───── Data ─────

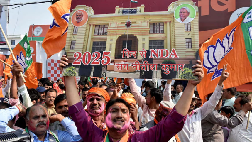 ভারতে বিহারের বিধানসভা নির্বাচনে বড় জয় পেয়েছে ক্ষমতাসীন এনডিএ জোট। এই জোটে রয়েছে বিহারের মুখ্যমন্ত্রী নীতীশ কুমারের নেতৃত্বাধীন জনতা দল ইউনাইটেড– জেডিইউ ও বিজেপিসহ আরও কয়েকটি দল।
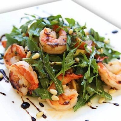 C тигровой креветкой, салатом, сыром пармезан и соусом цезарь
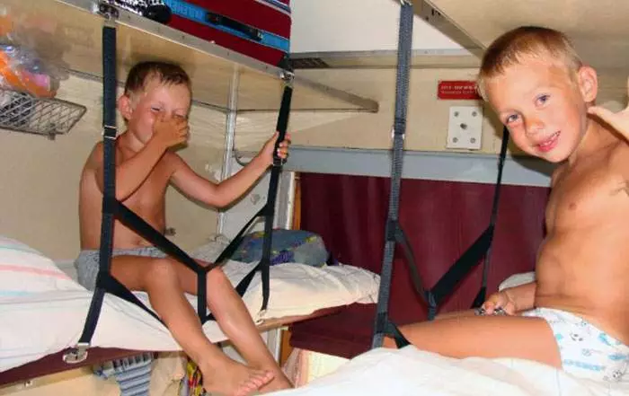 Кроме барьерана верхней полке детям можно вешать ограничитель из ремней. Его вы можете попросить у проводника. Лучше заранее об этом позаботиться, может быть уточнить во время покупки билетов, каким именно образом на этом поезде осуществляется провоз детей на верхних полках.
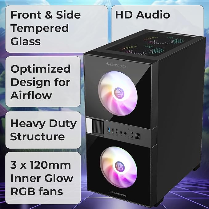 ZEBRONICS New Launch Leon PRO Premium Gaming Cabinet/Case, Mini-Tower, Supports mATX | ITX, 3 Pre-Installed RGB Fans, Side Tempered Glass, USB 3.0, Magnetic Dust Filter (Black)

─────

Assignment: Everything from the line with "Кроме барьерана верхней" through the final line of the material is to be returned exactly, both ends included, apart from the pictures.

Written solution:
 Кроме барьерана верхней полке детям можно вешать ограничитель из ремней. Его вы можете попросить у проводника. Лучше заранее об этом позаботиться, может быть уточнить во время покупки билетов, каким именно образом на этом поезде осуществляется провоз детей на верхних полках.
 ZEBRONICS New Launch Leon PRO Premium Gaming Cabinet/Case, Mini-Tower, Supports mATX | ITX, 3 Pre-Installed RGB Fans, Side Tempered Glass, USB 3.0, Magnetic Dust Filter (Black)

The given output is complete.